L'Artificial Intelligence Act (AI Act) rappresenta il primo quadro normativo europeo per la regolamentazione dell'intelligenza artificiale. Entrato in vigore nell'agosto 2024, il regolamento si applica non solo a chi sviluppa sistemi di IA, ma anche a chi li utilizza professionalmente, inclusi terapeuti, psicologi e professionisti sanitari.
Per gli studi che adottano strumenti digitali con componenti di intelligenza artificiale – dalla trascrizione automatica delle sedute ai sistemi di gestione agenda – comprendere le proprie responsabilità diventa essenziale per garantire conformità normativa e tutela dei pazienti.
Il Regolamento europeo adotta un approccio risk-based: maggiore è il rischio associato all'utilizzo di un sistema di IA, più stringenti sono i requisiti normativi.
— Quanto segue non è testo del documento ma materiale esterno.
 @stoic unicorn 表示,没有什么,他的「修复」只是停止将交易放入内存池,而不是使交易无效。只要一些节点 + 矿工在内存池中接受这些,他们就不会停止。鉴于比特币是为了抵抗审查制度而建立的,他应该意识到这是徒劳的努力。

Questa metodologia permette di bilanciare innovazione e protezione, concentrando le misure più rigorose sui casi a maggior impatto.
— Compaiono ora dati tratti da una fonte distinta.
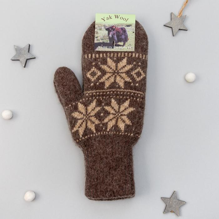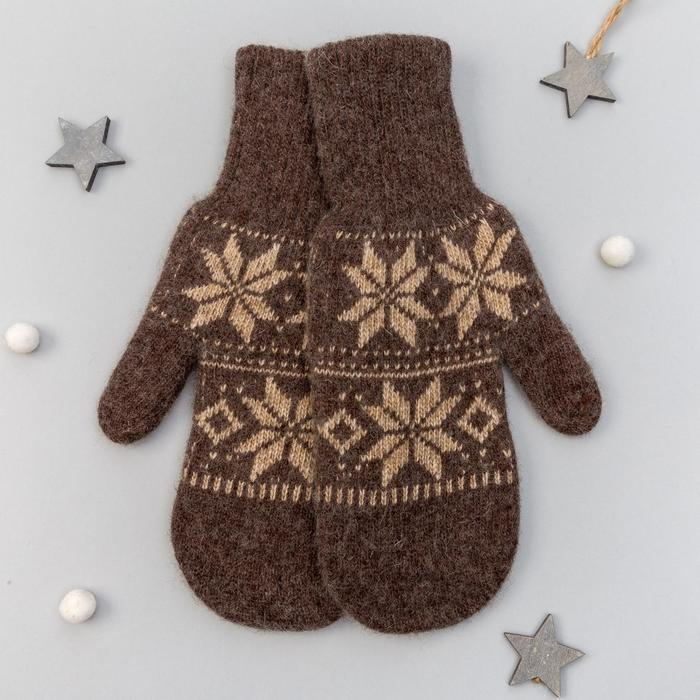 Варежки женские из монгольской шерсти, цвет шоколадный, размер 17-19 (6,5-7,5)

L'AI Act introduce obblighi per provider e deployer attraverso un sistema di gestione preventiva dei rischi, mentre la responsabilità penale resta disciplinata dalle normative nazionali esistenti, con particolare attenzione ai requisiti di compliance e sorveglianza umana.
Il provider è la persona fisica o giuridica, autorità pubblica o organismo che:
Sviluppa un sistema di IA o ne commissiona lo sviluppo
Immette il sistema sul mercato con il proprio nome o marchio
Mette in servizio il sistema, a titolo oneroso o gratuito
Il deployer è la persona fisica o giuridica, autorità pubblica o organismo che:
Utilizza un sistema di IA sotto la propria autorità
Opera in contesto professionale (escluso l'uso personale)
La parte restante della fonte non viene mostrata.